BEGIN Provided information

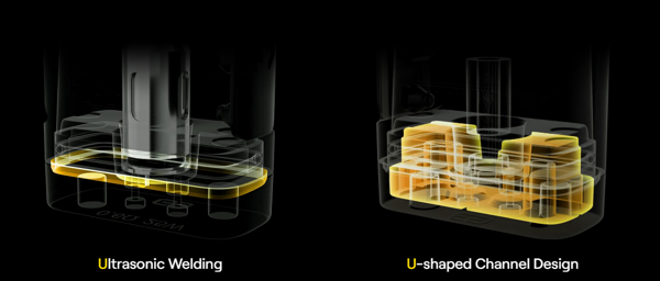 S příchodem nových cartridgí Uwell Caliburn GPP a G Series užívá značka Uwell také zajímavou technologii U2 Anti-Leak při jejich výrobě. Tato technologie spočívá v ultrazvukovém svařování spodní základny, což zajišťuje mnohem lepší těsnivost a eliminuje tak problémy spojené s úniky e-liquidu. Přepracovaný design kanálku pro proudění vzduchu ve tvaru písmene U navíc zajišťuje zlepšený účinek airflow, u cartridgí by tak nemělo docházet k častému kondenzování neodpařeného e-liquidu a výsledná pára by měla lépe cirkulovat uvnitř celé soustavy. Celkově tato technologie zajišťuje až o 150% lepší ochranu proti protékání než u konkurenčních cartridgí.
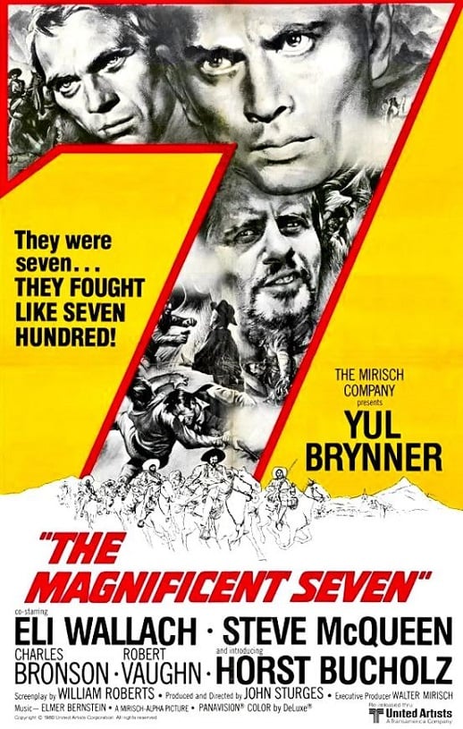 一群强盗每年都要骚扰墨西哥的一个小村庄。村里的长者派三名农夫去美国,目的是寻找武艺高强的枪手来保卫村庄。最后一共来了7名高手,他们去墨西哥的理由每个人都各不相同。他们人单力薄,要对付100多个前来掠食的强盗。经过一番激战,终于将盗贼歼灭,但七人中亦折损四人,令人伤感不已。
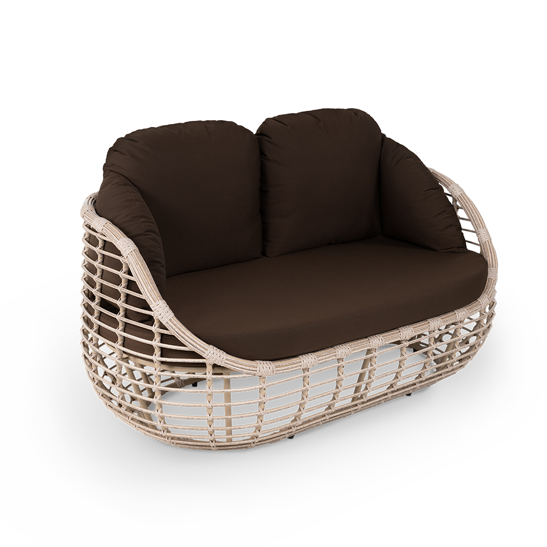 Диван ЛОТУС объединяет эстетику формы и функциональность. Обтекаемый силуэт с плавными линиями создаёт ощущение уюта и приватности. Прочное бесшовное плетение и скрытый алюминиевый каркас подчеркивают высокий уровень исполнения. Модель станет центром композиции в лаунж-зоне, патио или на террасе премиального заведения.
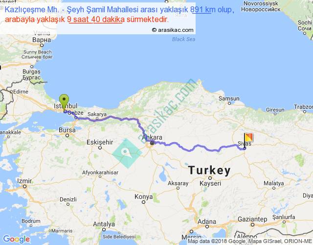 Kazlıçeşme Mh. - Şeyh Şamil Mahallesi arası yaklaşık olarak 90 km/h ile yukarıda belirtilen sürede olup, iki yerin kuş uçuşu uzaklığı (mesafesi) 698'dir. Eğer belirtilen yerler arasında uçak seferi var ise bu süre uçakla 1 saat 04 dakika'ya kadar düşebilir. Yolculuk otobüsle 12 saat 34 dakika sürmektedir.
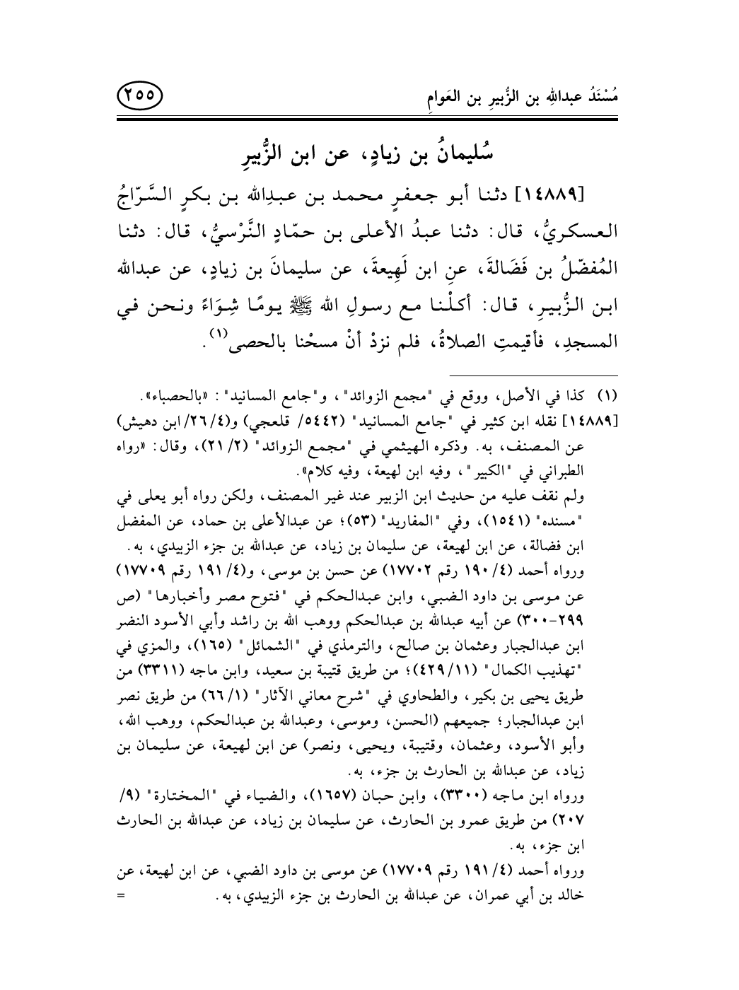 14889 - دثنا أبو جعفرٍ محمد بن عبدِالله بن بكرٍ السَّرّاجُ العسكريُّ، قال: دثنا عبدُ الأعلى بن حمّادٍ النَّرْسيُّ، قال: دثنا المُفضّلُ بن فَضَالةَ، عنِ ابن لَهِيعةَ، عن سليمانَ بن زيادٍ، عن عبد الله ابن الزُّبيرِ، قال: أكلْنا مع رسولِ الله صلى الله عليه وسلم يومًا شِوَاءً ونحن في المسجدِ، فأقيمتِ الصلاةُ، فلم نزدْ أنْ مسحْنا بالحصى (¬1) .

END Provided information

[Action item]: Only the pictures are to be left out, and all of the data must otherwise be transcribed exactly.

[Response to this exercise]:
 S příchodem nových cartridgí Uwell Caliburn GPP a G Series užívá značka Uwell také zajímavou technologii U2 Anti-Leak při jejich výrobě. Tato technologie spočívá v ultrazvukovém svařování spodní základny, což zajišťuje mnohem lepší těsnivost a eliminuje tak problémy spojené s úniky e-liquidu. Přepracovaný design kanálku pro proudění vzduchu ve tvaru písmene U navíc zajišťuje zlepšený účinek airflow, u cartridgí by tak nemělo docházet k častému kondenzování neodpařeného e-liquidu a výsledná pára by měla lépe cirkulovat uvnitř celé soustavy. Celkově tato technologie zajišťuje až o 150% lepší ochranu proti protékání než u konkurenčních cartridgí.
 一群强盗每年都要骚扰墨西哥的一个小村庄。村里的长者派三名农夫去美国,目的是寻找武艺高强的枪手来保卫村庄。最后一共来了7名高手,他们去墨西哥的理由每个人都各不相同。他们人单力薄,要对付100多个前来掠食的强盗。经过一番激战,终于将盗贼歼灭,但七人中亦折损四人,令人伤感不已。
 Диван ЛОТУС объединяет эстетику формы и функциональность. Обтекаемый силуэт с плавными линиями создаёт ощущение уюта и приватности. Прочное бесшовное плетение и скрытый алюминиевый каркас подчеркивают высокий уровень исполнения. Модель станет центром композиции в лаунж-зоне, патио или на террасе премиального заведения.
 Kazlıçeşme Mh. - Şeyh Şamil Mahallesi arası yaklaşık olarak 90 km/h ile yukarıda belirtilen sürede olup, iki yerin kuş uçuşu uzaklığı (mesafesi) 698'dir. Eğer belirtilen yerler arasında uçak seferi var ise bu süre uçakla 1 saat 04 dakika'ya kadar düşebilir. Yolculuk otobüsle 12 saat 34 dakika sürmektedir.
 14889 - دثنا أبو جعفرٍ محمد بن عبدِالله بن بكرٍ السَّرّاجُ العسكريُّ، قال: دثنا عبدُ الأعلى بن حمّادٍ النَّرْسيُّ، قال: دثنا المُفضّلُ بن فَضَالةَ، عنِ ابن لَهِيعةَ، عن سليمانَ بن زيادٍ، عن عبد الله ابن الزُّبيرِ، قال: أكلْنا مع رسولِ الله صلى الله عليه وسلم يومًا شِوَاءً ونحن في المسجدِ، فأقيمتِ الصلاةُ، فلم نزدْ أنْ مسحْنا بالحصى (¬1) .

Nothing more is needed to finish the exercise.